What you have to do:
Would you retype exactly the lines below, starting with the one that has "cm (B108C). |" and going on through the one that has "Ich gebe Ihnen", with no pictures and nothing else?
++++ Provided information ++++
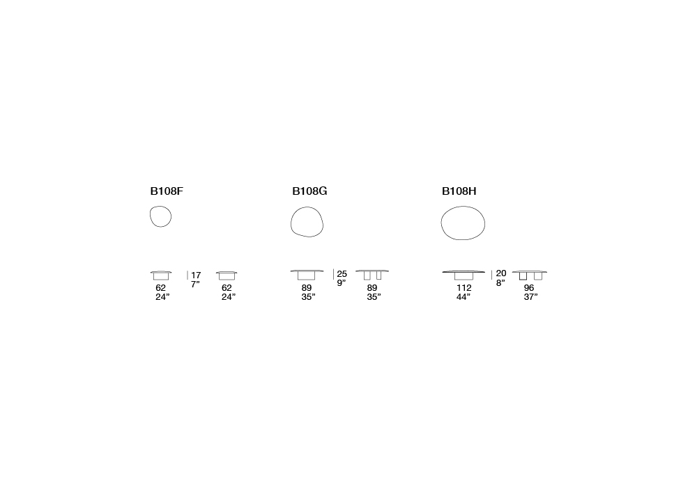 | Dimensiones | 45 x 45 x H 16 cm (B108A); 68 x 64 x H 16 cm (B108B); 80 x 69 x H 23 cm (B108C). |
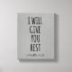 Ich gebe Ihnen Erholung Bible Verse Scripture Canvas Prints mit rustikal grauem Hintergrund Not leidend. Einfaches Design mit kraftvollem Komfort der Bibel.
++++
++++ Provided information ++++
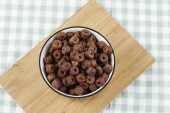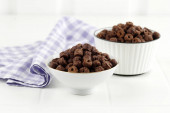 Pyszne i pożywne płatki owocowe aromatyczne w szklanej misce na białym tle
++++
Written reply:
 | Dimensiones | 45 x 45 x H 16 cm (B108A); 68 x 64 x H 16 cm (B108B); 80 x 69 x H 23 cm (B108C). |
 Ich gebe Ihnen Erholung Bible Verse Scripture Canvas Prints mit rustikal grauem Hintergrund Not leidend. Einfaches Design mit kraftvollem Komfort der Bibel.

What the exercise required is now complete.